Here, for example, you could use something like this :
$html = <<<HTML
<li class="zk_list_c2 f_l"><a title="abc" target="_blank" href="link">
abc
</a> </li>
HTML;
$dom = new DOMDocument();
$dom->loadHTML($html);
$as = $dom->getElementsByTagName('a');
foreach ($as as $a) {
var_dump($a->getAttribute('href'));
var_dump(trim($a->nodeValue));
}
And you would get the following output :
string(4) "link"
string(3) "abc"
The code is not quite hard, I'd say, but, in a few words, here what it's doing :
Load the HTML string : DOMDocument::loadHTML
Extract all <a> tags : DOMDocument::getElementsByTagName
Foreach tag found :
get the href attribute : DOMElement::getAttribute
and the value of the node : DOMNode::$nodeValue
Just a note : you might want to check if the href attribute exists, with DOMElement::hasAttribute, before trying to use its value...

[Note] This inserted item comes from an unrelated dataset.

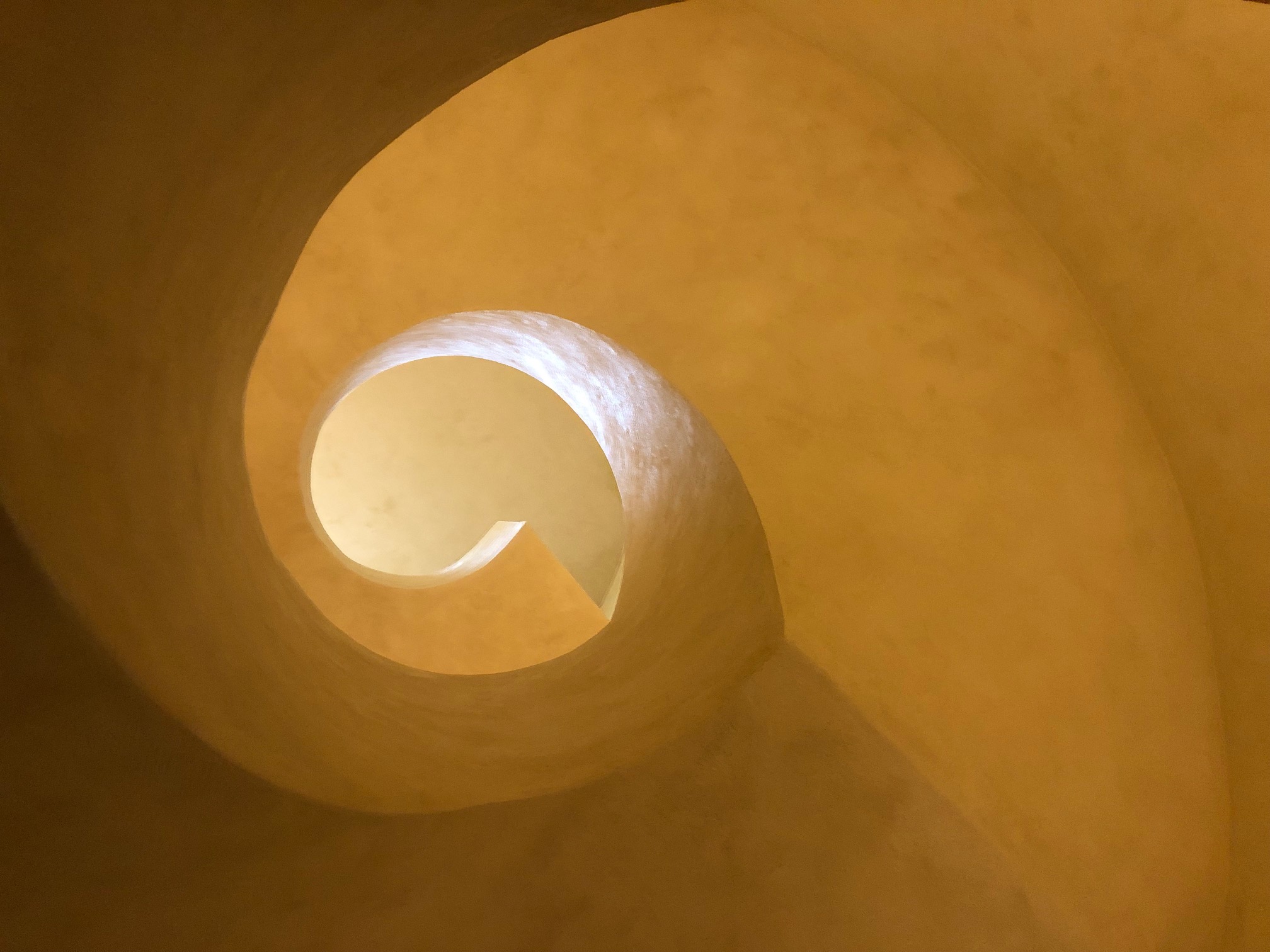 1/ Escalier d'époque restauré, drapé dun tissu de coton rappelant les voiles des bâteaux transportant les tissus débarqués à Arles via le Rhône.

EDIT after the comments : here's a quick example using DOMXpath to get to the links ; I supposed you want the link that's inside the <li> tag with class="zk_list_c2 f_l" :
$dom = new DOMDocument();
$dom->loadHTML($html);
$xpath = new DOMXPath($dom);
$as = $xpath->query('//li[#class="zk_list_c2 f_l"]/a');
foreach ($as as $a) {
var_dump($a->getAttribute('href'));
var_dump(trim($a->nodeValue));
}
And, again, you get :
string(4) "link"
string(3) "abc"
As you can see, the only thing that changes is the way you're using to get to the right <a> tag : instead of DOMDocument::getElementsByTagName, it's just a matter of :
instanciating The DOMXPath class
and calling DOMXPath::query with the right XPath query.